— REQUIRED WORK —
Among the entries below, only the lines from the one with "Joe Tomei here." through the one with "Ventilatore a piantana" are to be retyped, exactly and without pictures.

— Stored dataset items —
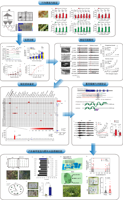 中國科學(xué)院動(dòng)物研究所康樂團(tuán)隊(duì)發(fā)現(xiàn)了一種釋放量低但生物活性非常高的化合物:4—乙烯基苯甲醚(4VA)。4VA對(duì)群居型和散居型飛蝗的不同發(fā)育階段和性別都有很強(qiáng)吸引力,能夠響應(yīng)蝗蟲種群密度變化,它的產(chǎn)生甚至可由4-5只散居飛蝗聚集而觸發(fā)。通過定位在錐型感器中的嗅覺受體OR35,蝗蟲能夠快速感應(yīng)4VA從而聚集。室外草地和蝗蟲野外發(fā)生區(qū)(天津北大港)的區(qū)塊實(shí)驗(yàn)共同證明,4VA對(duì)實(shí)驗(yàn)室種群和野外種群均具有很強(qiáng)的吸引力。該研究不僅揭示了蝗蟲群聚的奧秘,而且使蝗蟲的綠色和可持續(xù)防控成為可能。該研究成果于2020年8月12日發(fā)表于《自然》,在國內(nèi)外引起較大反響。美國科學(xué)院院士萊斯莉·沃斯霍爾在同期《自然》上為該項(xiàng)工作撰寫專文,德國馬普化學(xué)生態(tài)研究所所長比爾·漢森對(duì)該項(xiàng)工作給予高度評(píng)價(jià)。
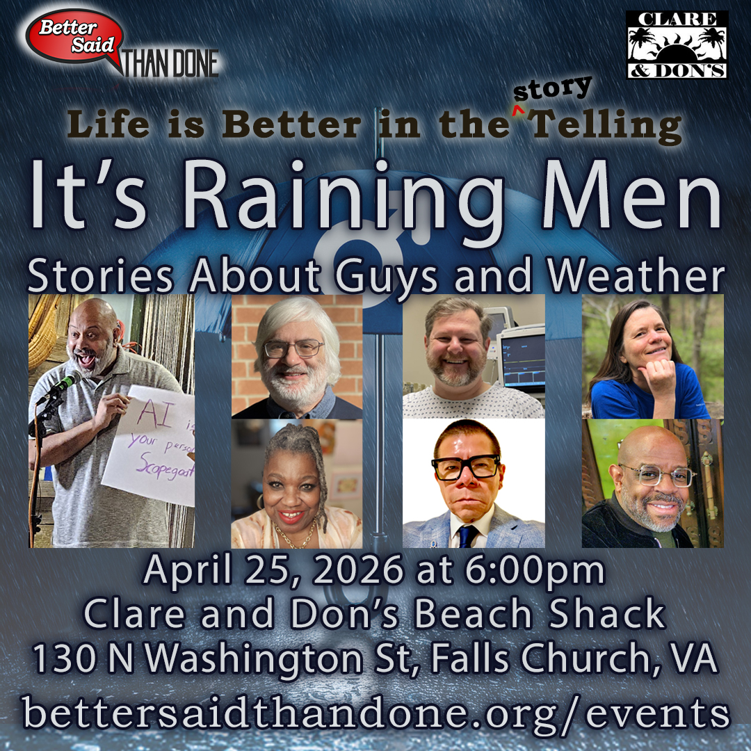 On April 25, join Better Said Than Done at Clare and Don’s Beach Shack for “It’s Raining Men: stories about guys and weather,” with emcee Ravi Pimplaskar and storytellers Len Kruger, Joe Morice, Sarah Snyder, Zette St. Charles, Carlos Velazquez, and Chris Wade.
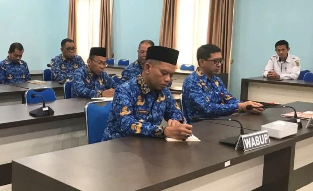Wabup Katingan, Firdaus beserta jajarannya ketika mengikuti rakoor strategis bersama dengan pemerintahan pusat secara virtual, Senin, (17/3/2025).
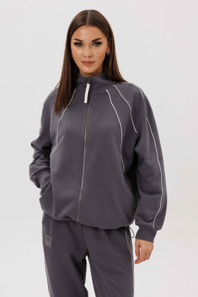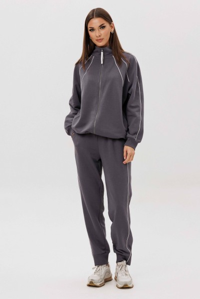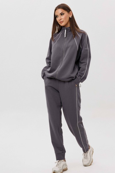 Джемпер покроя реглан с аккуратной стойкой и застёжкой-молнией украшен контрастными кантами, придающими образу динамику. Брюки со слегка зауженным силуэтом и манжетами по низу дополнены эластичным поясом для удобной посадки.
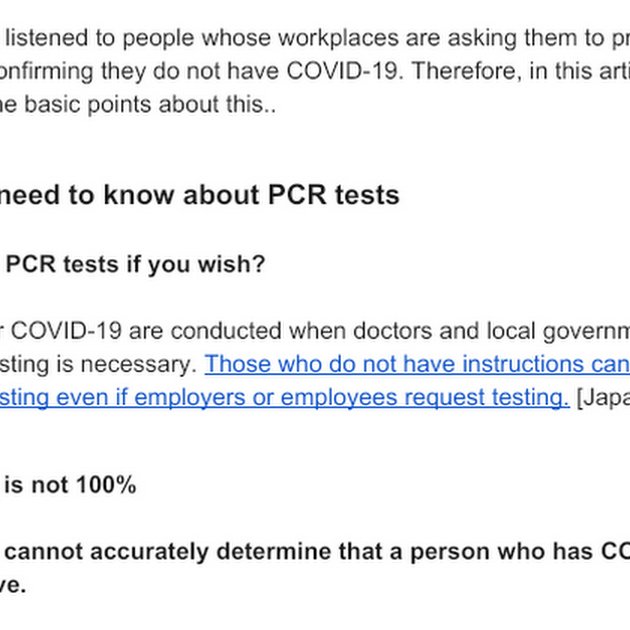 Joe Tomei here. This is an English translation of the Japanese information located at https://note.stopcovid19.jp/n/nbc124bd1d18b There is no negative certificate of COVID-19!
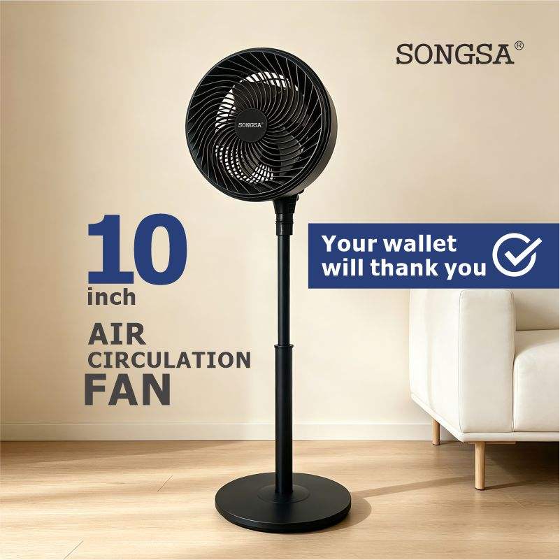 Ventilatore a piantana elettrico portatile da 10 pollici, 3 velocità, a basso consumo energetico, prezzo di fabbrica all'ingrosso.
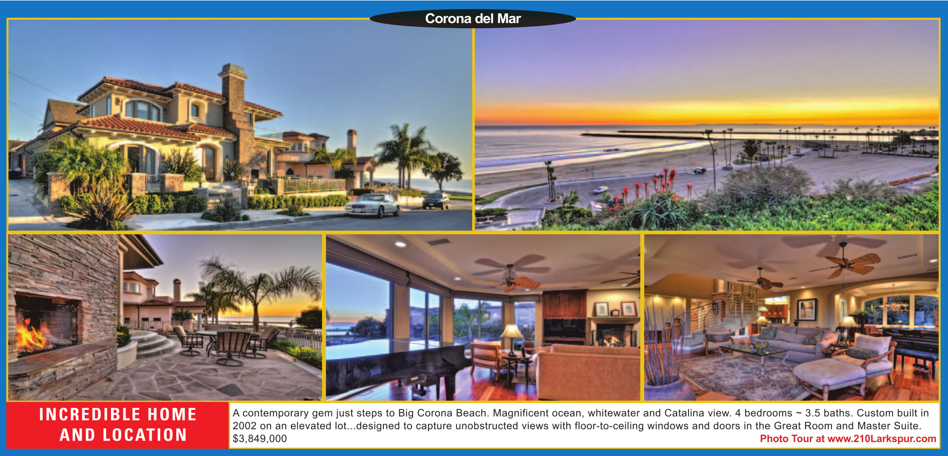 A contemporary gem just steps to Big Corona Beach. Magnificent ocean, whitewater and Catalina view. 4 bedrooms ~ 3.5 baths. Custom built in 2002 on an elevated lot...designed to capture unobstructed views with floor-to-ceiling windows and doors in the Great Room and Master Suite. $3,849,000 Photo Tour at www.210Larkspur.com

— RESULT BELOW —
 Joe Tomei here. This is an English translation of the Japanese information located at https://note.stopcovid19.jp/n/nbc124bd1d18b There is no negative certificate of COVID-19!
 Ventilatore a piantana elettrico portatile da 10 pollici, 3 velocità, a basso consumo energetico, prezzo di fabbrica all'ingrosso.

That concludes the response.